Первая — как все просто! Дюжина партийных аппаратчиков нажала на свои тайные кнопки — и нет у страны президента, и нет свободы, и нет достоинства, и нет будущего: через год-другой эта корыстная банда, конечно же, прогорит, но и от могучей некогда страны останется только выжженная, вытоптанная, разграбленная территория.
Вторая мысль была — какой же я дурак, что не отослал тебе рукопись сразу же! Хоть книга была бы — книга, в которую мы оба вложили так много труда. Теперь ты рукопись уже не получишь, а Улла не переведет: у всех заговорщиков один сценарий, первое, что они захватывают, это почта, телеграф и телефон.
Третья — что я вряд ли когда-нибудь увижу тебя, Ивонну, Мику, Рольфа, Паскаля, Гражину, Рика, Элен, Урзулу, что все мои друзья "по ту сторону" теперь отрезаны от меня навсегда: я был уверен, что государственная граница моей страны сразу же превратится в тюремную стену.
И еще — безумно жалко было Горбачева. Ведь как хотел вытащить страну из векового унижения, из неволи и нищеты, как удачливо вел тяжелый грузовик по краю пропасти — и вот не вышло, не вписался в поворот.
Был ли страх?
Нет, не было. Не потому, что я такой смелый, а потому, что уже жил при диктатуре и точно знаю, что и при диктатуре — живут. Ну что ж, значит, снова придется — мимо системы. Горько, больно, тошнотно, ведь уже глотнул свободы, но сбить себя с ног не дам. Разумеется, намного трудней станет печататься — зато здорово прибавится времени, чтобы писать.

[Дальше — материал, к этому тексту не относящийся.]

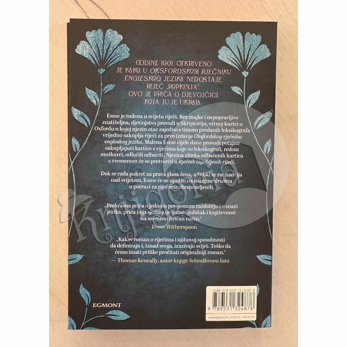 Godine 1901. otkriveno je kako u Oksfordskom rječniku engleskog jezika nedostaje riječ „ropkinja“. Ovo je priča o djevojčici koja ju je ukrala. Esme je ro¬đena u svijetu riječi. Bez majke i nepopravljivo znatiželjna, djetinjstvo provodi u Skriptoriju, vrtnoj kućici u Oxfordu u kojoj njezin otac zajedno s timom predanih leksikografa vrijedno sakuplja riječi za prvo izdanje Oksfordskog rječnika engleskog jezika. Malena Esme cijele dane provodi potajno sakupljajući kartice s riječima koje su leksikografi, redom muškarci, odlučili odbaciti. Njezina zbirka odbačenih kartica s vremenom će se pretvoriti u Rječnik izgubljenih riječi. Dok se rađa pokret za prava glasa žena, a Veliki se rat nadvija nad svijetom, Esme će se uputiti na margine društva u potrazi za riječima obespravljenih. „Prekrasna priča o velikim povijesnim previranjima i o snazi jezika, priča koja sjedinjuje ljubav, gubitak i književnost na savršeno liričan način.“ — Reese Witherspoon „Kakav roman o riječima i njihovoj sposobnosti da definiraju i, iznad svega, izazivaju svijet. Teško da ćemo imati prilike pročitati originalniji roman.“ — Thomas Keneally, autor knjige Schindlerova lista
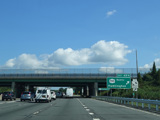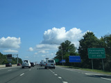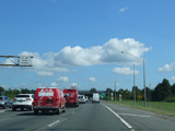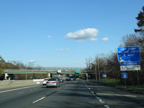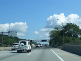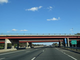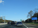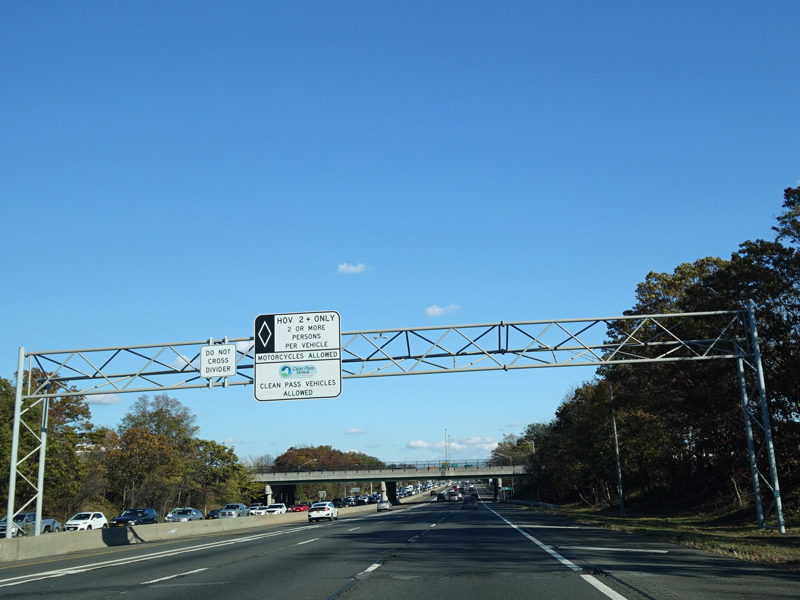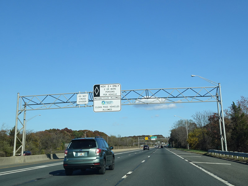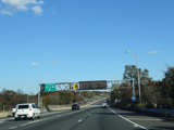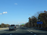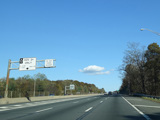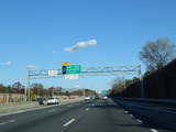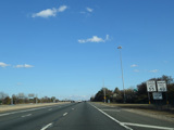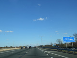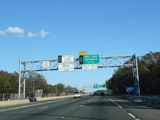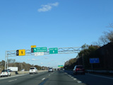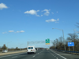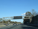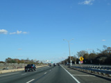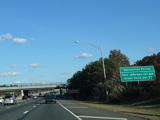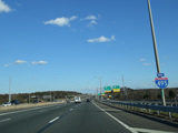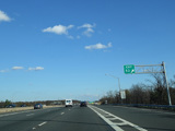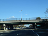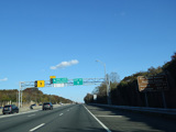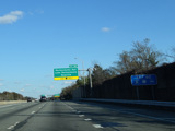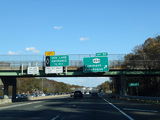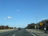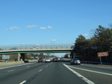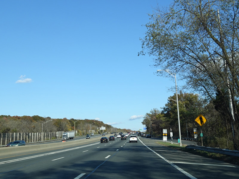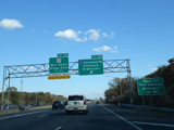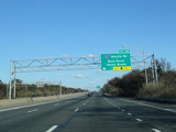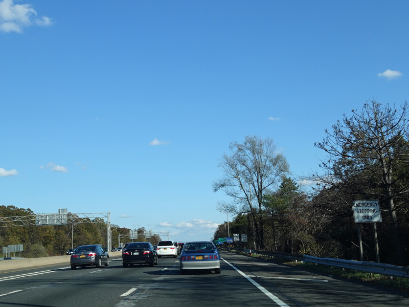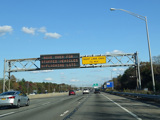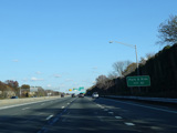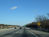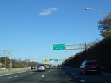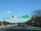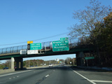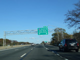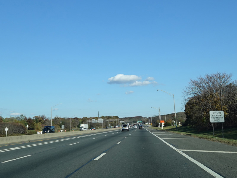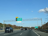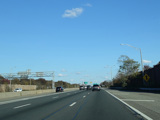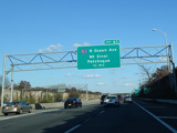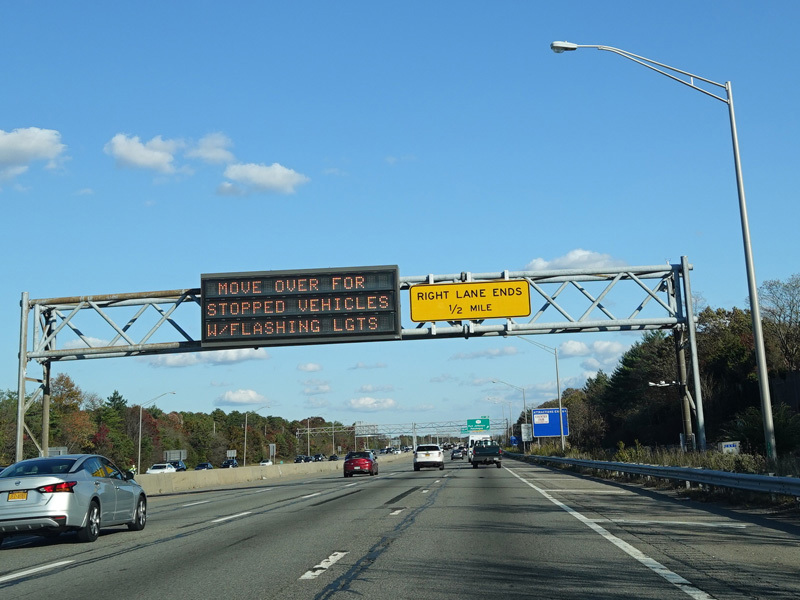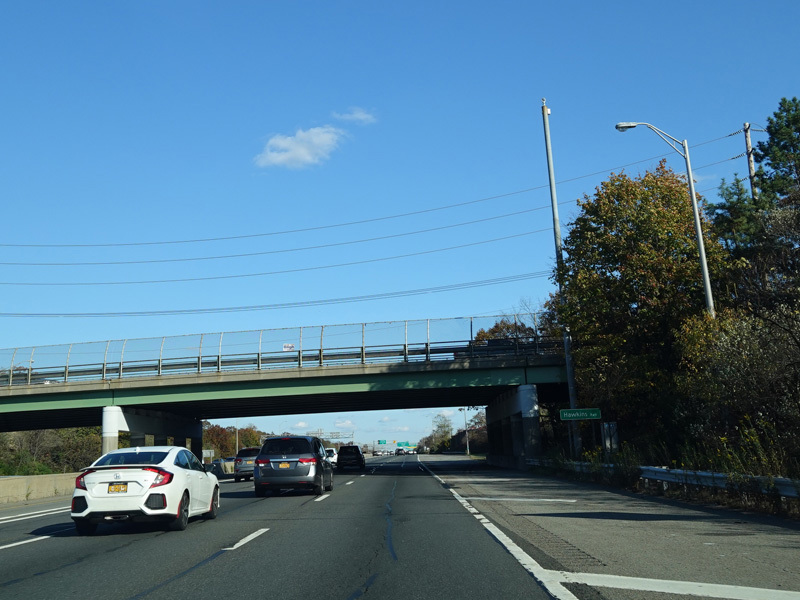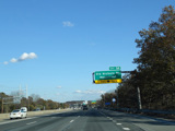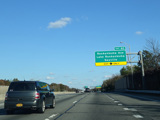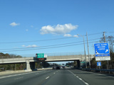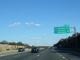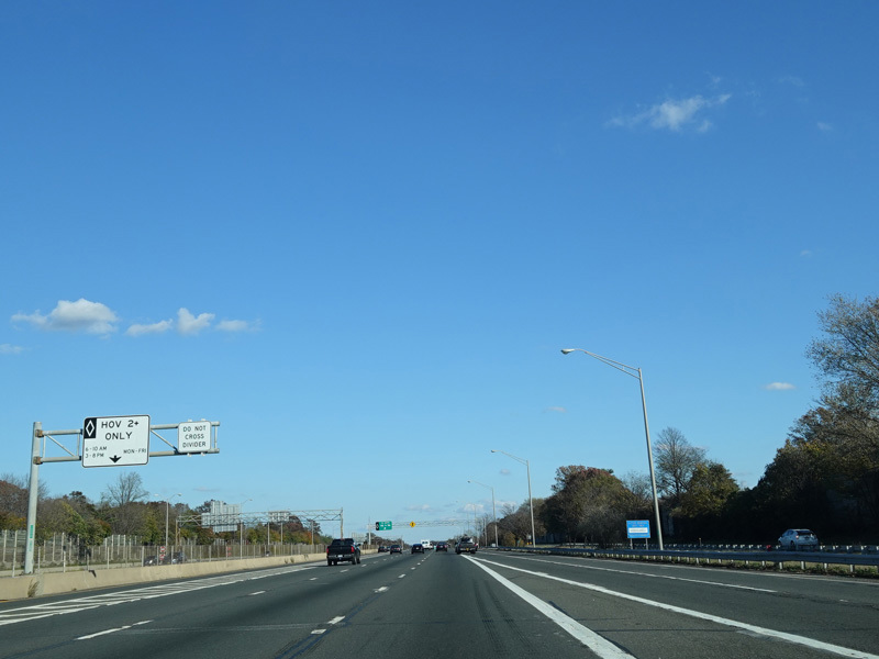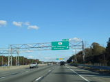 Exit 64 is for NY 112. The HOV lane ends here and the expressway has three lanes in each direction from here until its eastern terminus.
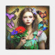 Pretty Girl with Red Flowers and Butterflies Magnet
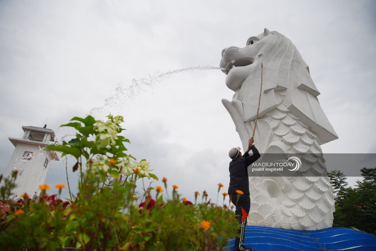 MADIUN – Wisata Patung Merlion di Sumber Umis menjadi salah satu tempat favorit wisatawan di Kota Pendekar. Kawasan tersebut sudah banyak menyedot pengunjung sejak kali pertama dibuka. Untuk itu, perawatan rutin dilakukan guna menjaga replika ikon negara Singapura itu tetap menarik. Salah satunya, dilakukan pengecatan ulang.
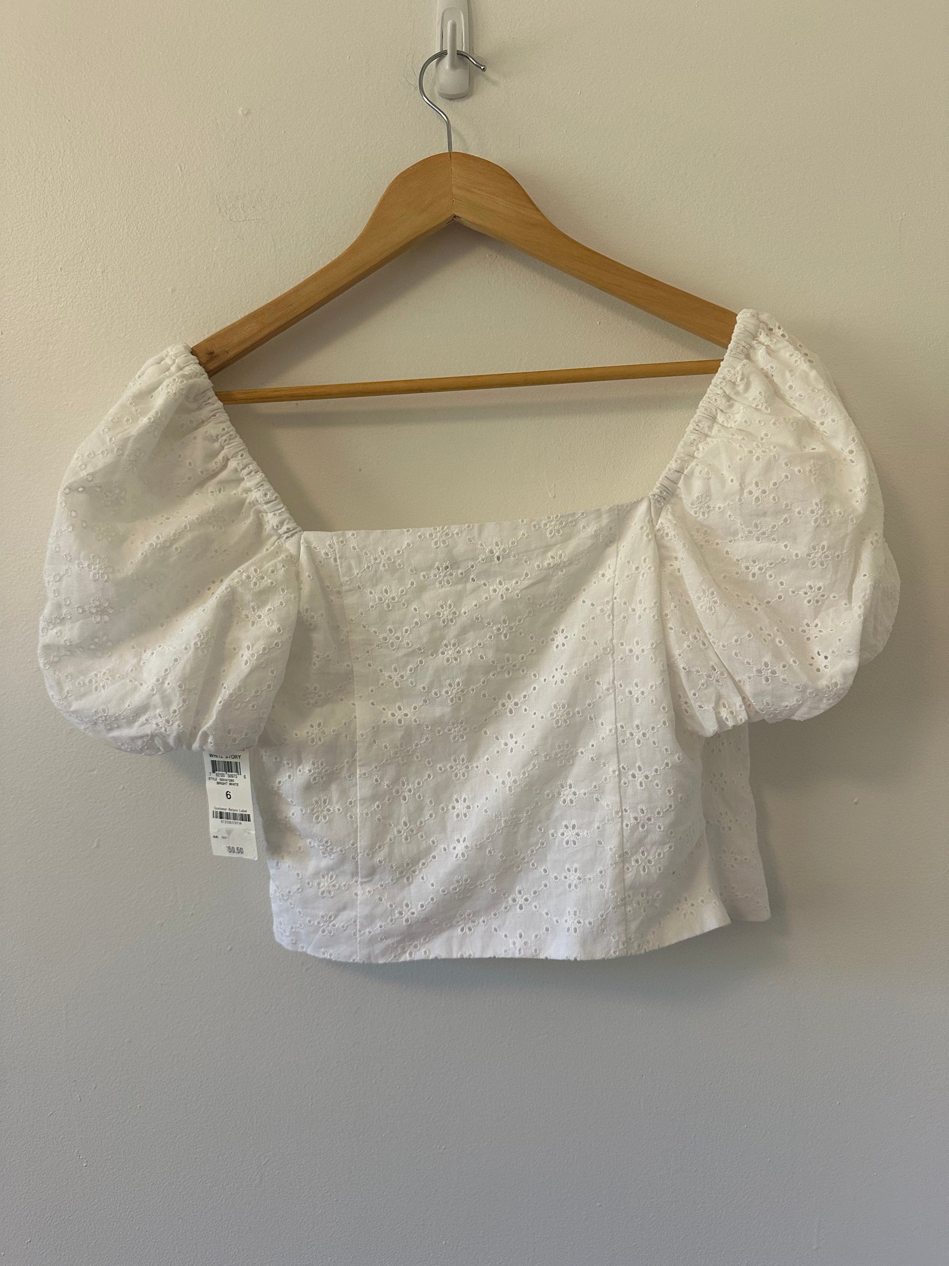 NWT Bar III White Eyelet Wrap Cropped Puff Sleeve Blouse | Size 6

Словом, Ларс, если в Швеции придет к власти хунта, не отчаивайся — и при хунте люди живут…
В коридорах Дома творчества уже толпились люди и приглушенными голосами — как же мало надо, чтобы вернулся страх! — передавали друг другу сообщения иностранных радиостанций. Президент США озабочен. Президент Франции озабочен. Еще и еще кто-то озабочен. Тем не менее все надеются, что внешняя политика СССР останется неизменной и договора с другими странами будут соблюдаться.
Эти новости выслушивались подавленно, иногда с робкой надеждой. А во мне, каюсь, поднималась злоба. Ведь мы-то жили не в другой стране! Мы-то жили в этой! Неужели именно нашей свободой и достоинством расплатятся лидеры Запада за свое спокойствие и сытость? Неужели через месяц-другой озабоченность уляжется и главы демократических правительств будут заискивать перед новым "законным президентом", предателем и гангстером Янаевым? Кто-то из них уже припомнил формулу, спасающую от угрызений совести, — каждый народ сам решает, как ему жить. Но разве кто-нибудь спросил наш народ?
Видимо, я был не прав в своем отношении к умным и доброжелательным лидерам мировой политики, почти наверняка не прав — но в тот момент я думал и чувствовал именно так…
Потом пришлось сосредоточиться на делах практических. Простояв два часа в очереди на автозаправке — среди автовладельцев умников нашлось много, — я залил полный бак бензина. Потом объехал ближайшие аптеки и купил все, что могло в ближайшие месяцы понадобиться моим старикам: я знал, что при всех передрягах сердечные, снотворные и обезболивающие исчезают так же быстро, как сахар и крупа.